### [GIVEN RECORDS]
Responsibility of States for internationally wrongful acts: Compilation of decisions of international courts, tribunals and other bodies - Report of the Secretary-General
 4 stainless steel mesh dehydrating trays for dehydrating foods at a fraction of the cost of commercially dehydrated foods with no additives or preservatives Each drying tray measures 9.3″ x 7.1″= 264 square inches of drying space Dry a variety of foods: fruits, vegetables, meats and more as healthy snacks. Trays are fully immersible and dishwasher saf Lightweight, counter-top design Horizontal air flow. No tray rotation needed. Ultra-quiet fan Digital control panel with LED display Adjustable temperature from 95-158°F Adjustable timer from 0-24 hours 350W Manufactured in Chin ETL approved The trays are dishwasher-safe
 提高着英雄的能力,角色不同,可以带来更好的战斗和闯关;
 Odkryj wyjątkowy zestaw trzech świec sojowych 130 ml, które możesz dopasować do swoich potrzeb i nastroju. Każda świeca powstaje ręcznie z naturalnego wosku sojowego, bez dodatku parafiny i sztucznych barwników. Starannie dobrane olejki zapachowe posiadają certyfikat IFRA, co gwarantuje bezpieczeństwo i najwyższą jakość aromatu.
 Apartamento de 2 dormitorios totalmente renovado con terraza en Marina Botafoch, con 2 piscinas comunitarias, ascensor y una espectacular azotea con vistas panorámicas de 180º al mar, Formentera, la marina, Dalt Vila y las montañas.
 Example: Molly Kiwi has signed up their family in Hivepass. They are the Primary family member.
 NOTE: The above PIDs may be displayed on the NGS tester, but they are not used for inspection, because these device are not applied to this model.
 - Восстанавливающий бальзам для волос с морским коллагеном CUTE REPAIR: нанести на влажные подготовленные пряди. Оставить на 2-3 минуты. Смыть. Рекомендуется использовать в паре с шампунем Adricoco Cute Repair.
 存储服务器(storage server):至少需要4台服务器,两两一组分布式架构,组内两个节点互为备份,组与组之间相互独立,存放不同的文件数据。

### [WHAT IS EXPECTED]
Repeat exactly the lines that run from the opening of the listing through the line holding "NOTE: The above". Leave out everything else.

### [ANSWER SPACE]
Responsibility of States for internationally wrongful acts: Compilation of decisions of international courts, tribunals and other bodies - Report of the Secretary-General
 4 stainless steel mesh dehydrating trays for dehydrating foods at a fraction of the cost of commercially dehydrated foods with no additives or preservatives Each drying tray measures 9.3″ x 7.1″= 264 square inches of drying space Dry a variety of foods: fruits, vegetables, meats and more as healthy snacks. Trays are fully immersible and dishwasher saf Lightweight, counter-top design Horizontal air flow. No tray rotation needed. Ultra-quiet fan Digital control panel with LED display Adjustable temperature from 95-158°F Adjustable timer from 0-24 hours 350W Manufactured in Chin ETL approved The trays are dishwasher-safe
 提高着英雄的能力,角色不同,可以带来更好的战斗和闯关;
 Odkryj wyjątkowy zestaw trzech świec sojowych 130 ml, które możesz dopasować do swoich potrzeb i nastroju. Każda świeca powstaje ręcznie z naturalnego wosku sojowego, bez dodatku parafiny i sztucznych barwników. Starannie dobrane olejki zapachowe posiadają certyfikat IFRA, co gwarantuje bezpieczeństwo i najwyższą jakość aromatu.
 Apartamento de 2 dormitorios totalmente renovado con terraza en Marina Botafoch, con 2 piscinas comunitarias, ascensor y una espectacular azotea con vistas panorámicas de 180º al mar, Formentera, la marina, Dalt Vila y las montañas.
 Example: Molly Kiwi has signed up their family in Hivepass. They are the Primary family member.
 NOTE: The above PIDs may be displayed on the NGS tester, but they are not used for inspection, because these device are not applied to this model.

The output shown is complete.